Support S3 transferring use "ProcessPoolExecutor" with s3tranfer
Describe the feature
As I know, aws-cli uses "s3tranfer" to use s3 and it uses ThreadPoolExecutor like this
https://github.com/boto/s3transfer/blob/da68b50bb5a6b0c342ad0d87f9b1f80ab81dffce/s3transfer/futures.py#L402-L403
In some environment like enough available network bandwidth, enough CPU cores and lots for files to be downloaded, then using ProcessPoolExecutor would be better.
And s3transfer has implemented an interface to use ProcessPoolExecutor
https://github.com/boto/s3transfer/blob/develop/s3transfer/processpool.py
So I think addding feature flag for selecting thread or process for using s3 that could be determined by user would be better.
Use Case
If we have to download many files and the environment that using aws-cli has enough resources(CPU, Memory, Network bandwitdh) than we can choice that use more CPUs for boost the S3 throughput
Proposed Solution
No response
Other Information
No response
Acknowledgements
- [ ] I may be able to implement this feature request
- [ ] This feature might incur a breaking change
CLI version used
2.15.30
Environment details (OS name and version, etc.)
Amazon Linux 2023
Thanks for the feature request, we can review with the team. In the meantime can you provide any more details on your use case and the results you're seeing? Have you tried setting any of the S3 configurations documented here to optimize downloads: https://awscli.amazonaws.com/v2/documentation/api/latest/topic/s3-config.html ?
@tim-finnigan
I reviewed the documentation and tried increasing the max_concurrent_requests to improve performance.
For example, I tested this on a c7g.16xlarge instance, which has a network interface capable of 30Gbps bandwidth. I set max_concurrent_requests to 64, matching the number of vCPUs, but the download speed didn’t improve as much as I expected.
Since s3transfer uses ThreadPoolExecutor by default, it might be helpful to give users the option to use ProcessPoolExecutor. This way, users with more CPU resources available could potentially speed up their downloads.
In my tests, using ProcessPoolExecutor for parallel downloads from S3 with boto3, I was almost able to fully use the 30Gbps bandwidth—something that wasn’t possible with ThreadPoolExecutor.
I think adding an option for ProcessPoolExecutor could help achieve download speeds similar to tools like s5cmd.

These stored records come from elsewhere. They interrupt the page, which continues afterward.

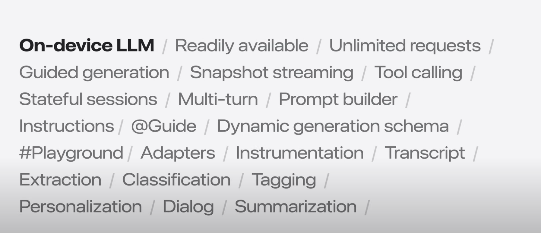 Swift API를 통해 Applle Intelligence를 사용 가능한 LLM 모델에 접근할 수 있음.
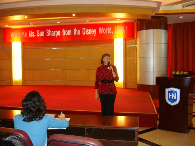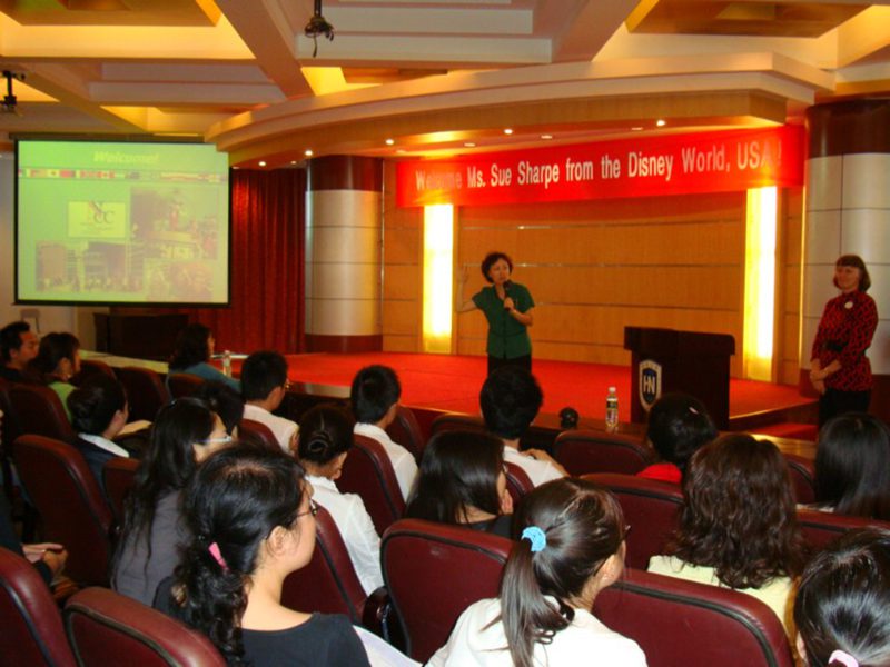 2009年4月29日,美国迪斯尼乐园国际实习生项目介绍暨招聘会在海南大学旅游学院多功能厅举办,美国迪斯尼乐园国际部招聘经理Sue.Sharpe女士专程前来旅游学院进行项目介绍,并对有意向参加该项目的学生进行了面试。最后有18名学生通过了美国迪斯尼招聘经理的严格面试,按照迪斯尼乐园国际项目实习计划,他们将于2009年9月1日前往美国奥兰多迪斯尼乐园参加该国际项目的实习。被录取的有二年级的学生,也有三年级的学生,他们的专业或专业方向分别是旅游管理应用英语方向、旅游人力资源管理、旅游市场营销等。
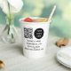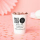 QR Code Firmenlogo, beruflicher, individueller Papierbecher. Schwarzweiß, einfaches Design. Ideal für Ihr Unternehmen, Business.
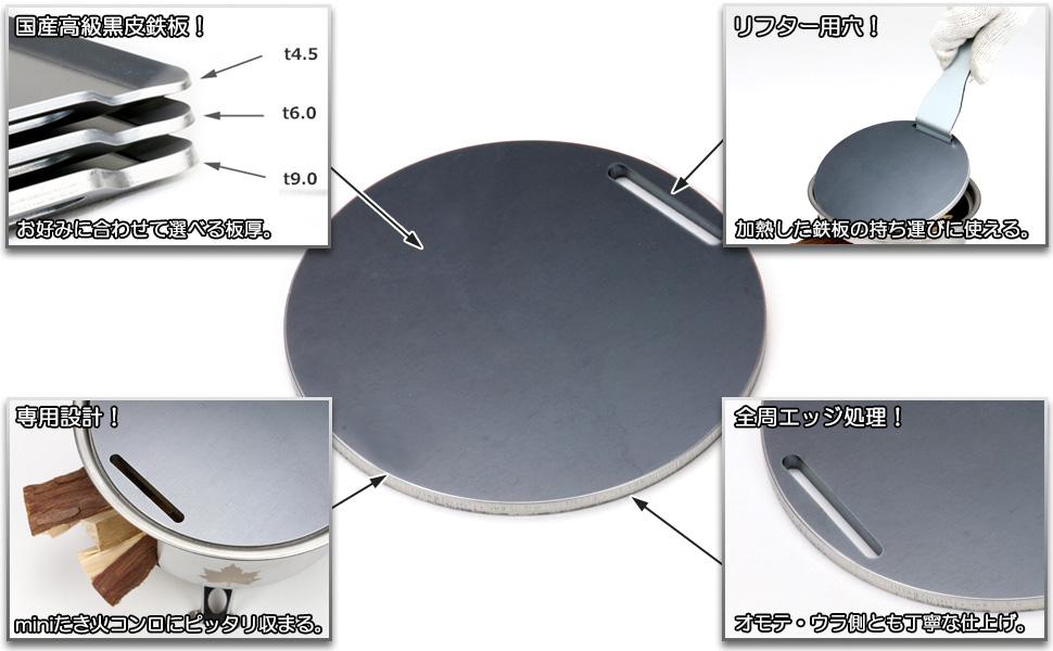 初めての方でも扱いやすい黒皮鉄板を使用し、通常の鉄よりも錆びにくい表面となります。使うほど鉄板に油が馴染んでいきますので繰り返しお使い頂くことで焼き上がりが良くなっていきます。板の厚みは4.5mm、6mm、9mmをラインナップし、予算や用途に合わせてお選び頂けます。
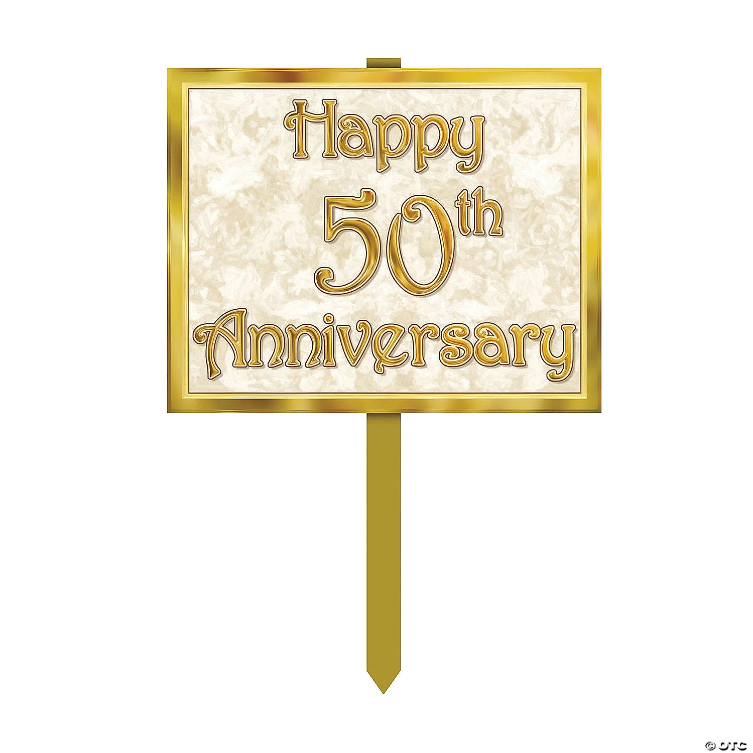 Let guests know they’ve arrived to your anniversary affair! With a shimmering gold appearance and text that boldly reads “Happy 50th Anniversary”, this yard sign is a must-have for party décor. Just stake it in the ground outside your celebration to get guests excited before they even set foot inside! Paper with wood stake. 12″ x 15″

Hello @kimsehwan96 thanks for the reach out. For information, how are you trying the test? Are there any modifications you have done or modifying the SDK? Any test results, logs, debug logs and steps for replication? Thanks
@adev-code Hello, I tested it without boto3 sdk code modification, then just create some python code with boto3 and ProcessPoolExecutor. (Here is my article about it written with korean) : https://www.kimsehwan96.com/s3-donwload-sync-async-thread-process-perfomance-comparision/
I think there may be something that has been tested incorrectly.
Also, I tried to change the BoundedExecutor(https://github.com/boto/s3transfer/blob/9a168299c932077e665a618bfa5e2d5e39343745/s3transfer/futures.py#L406-L411) EXECUTOR_CLS with ProcessPoolExecutor but it was not worked. (I tested it about last year)
@kimsehwan96, thanks for reply. Would you have a minimal reproducible code?
@adev-code I changed EXECUTOR_CLS into futures.ProcessPoolExecutor in s3transfer/futures.py to test it with local enviornment(install boto3 and change the local s3transfer dependency codes) but it doesn't work. (https://github.com/boto/s3transfer/blob/f4341ad2ce17f4253de60d4678b97aabfd9d2b81/s3transfer/futures.py#L425-L426)
I think s3trasnfer/processpool.py(https://github.com/boto/s3transfer/blob/develop/s3transfer/processpool.py) is already implemented but it is not used in boto3 s3 related codes, so I think that if someone want to use multi processes to speed up s3 download, it would be better to serve some flags to use it(multi process s3 donwload feature)